_Try it_
Exercise in exact copying: restate word for word only the lines below from the one containing "플러스 채널’을 운영합니다." through the one containing "대관신청은 무료가 아니며, 시설별 마다 사용료는 다릅니다.", omitting any pictures.

_Source material_
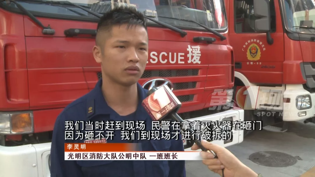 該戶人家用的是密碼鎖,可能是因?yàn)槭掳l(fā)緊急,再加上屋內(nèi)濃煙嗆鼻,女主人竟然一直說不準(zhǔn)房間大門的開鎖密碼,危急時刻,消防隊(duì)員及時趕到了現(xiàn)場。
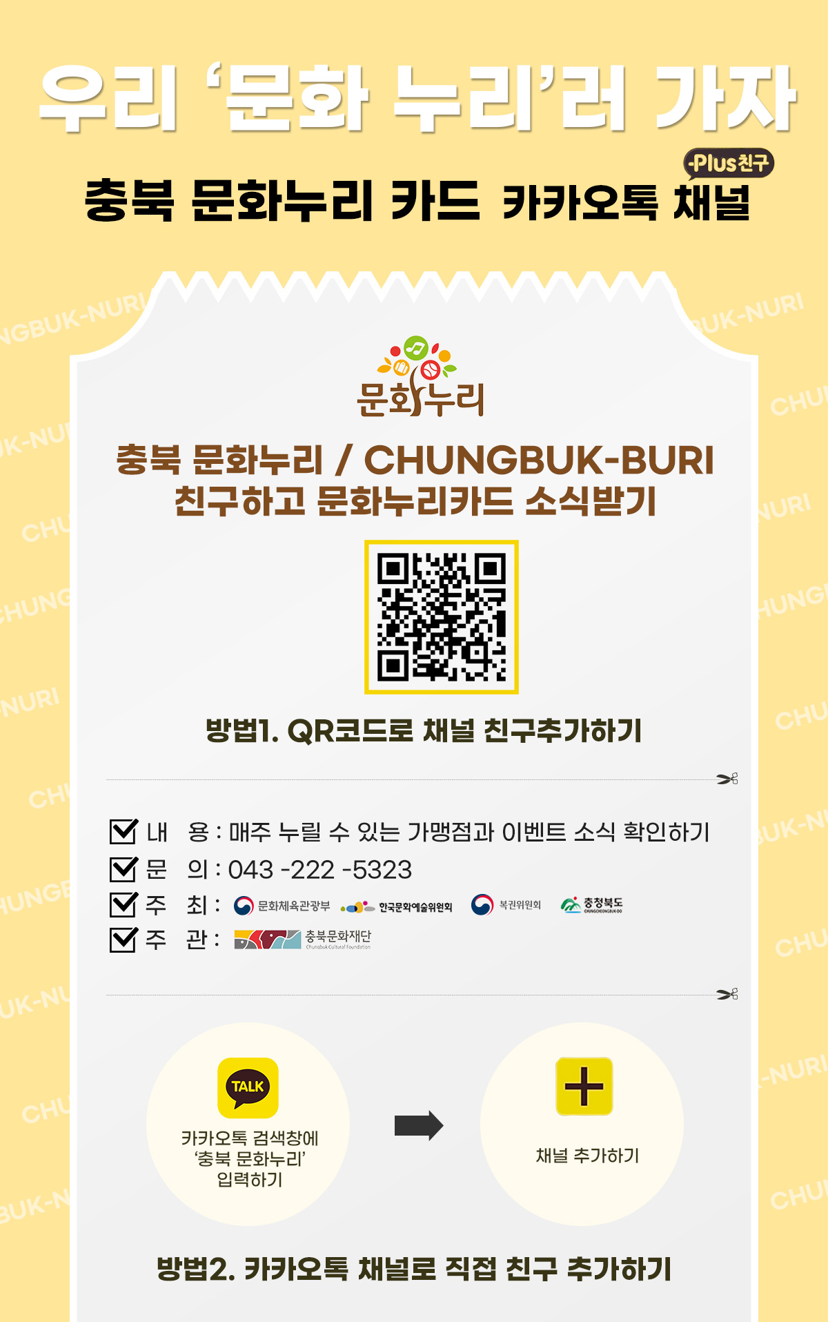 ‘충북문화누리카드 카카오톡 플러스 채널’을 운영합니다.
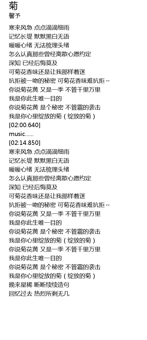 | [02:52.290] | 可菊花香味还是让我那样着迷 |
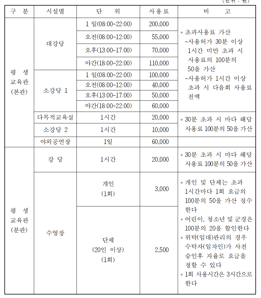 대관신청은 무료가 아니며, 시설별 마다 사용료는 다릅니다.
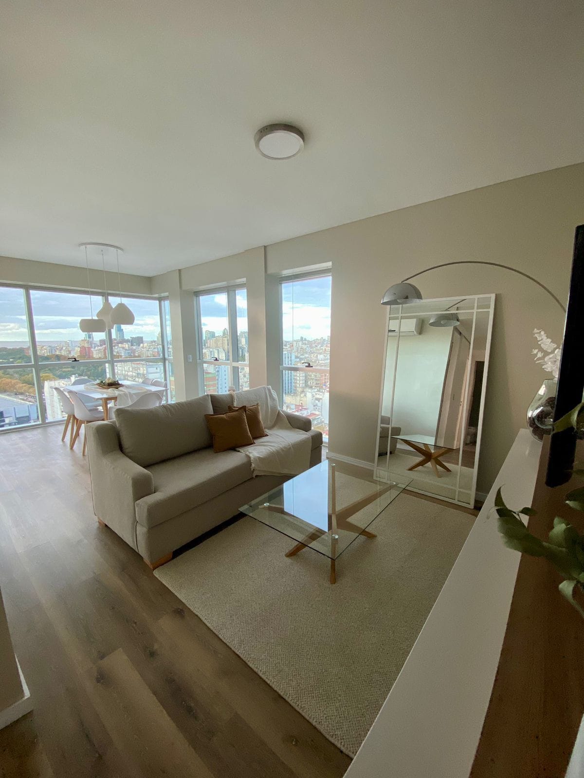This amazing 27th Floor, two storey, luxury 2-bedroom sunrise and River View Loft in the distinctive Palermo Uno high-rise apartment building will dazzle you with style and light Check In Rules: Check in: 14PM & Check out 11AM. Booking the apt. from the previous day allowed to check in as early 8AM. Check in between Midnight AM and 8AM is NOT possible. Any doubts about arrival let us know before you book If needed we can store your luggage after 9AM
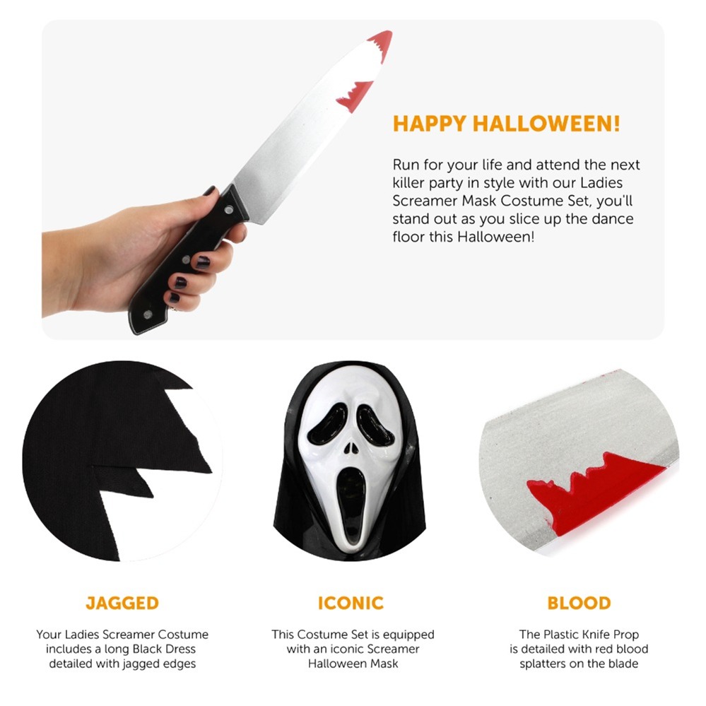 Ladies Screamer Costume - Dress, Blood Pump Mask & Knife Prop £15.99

_Answer box_
 ‘충북문화누리카드 카카오톡 플러스 채널’을 운영합니다.
 | [02:52.290] | 可菊花香味还是让我那样着迷 |
 대관신청은 무료가 아니며, 시설별 마다 사용료는 다릅니다.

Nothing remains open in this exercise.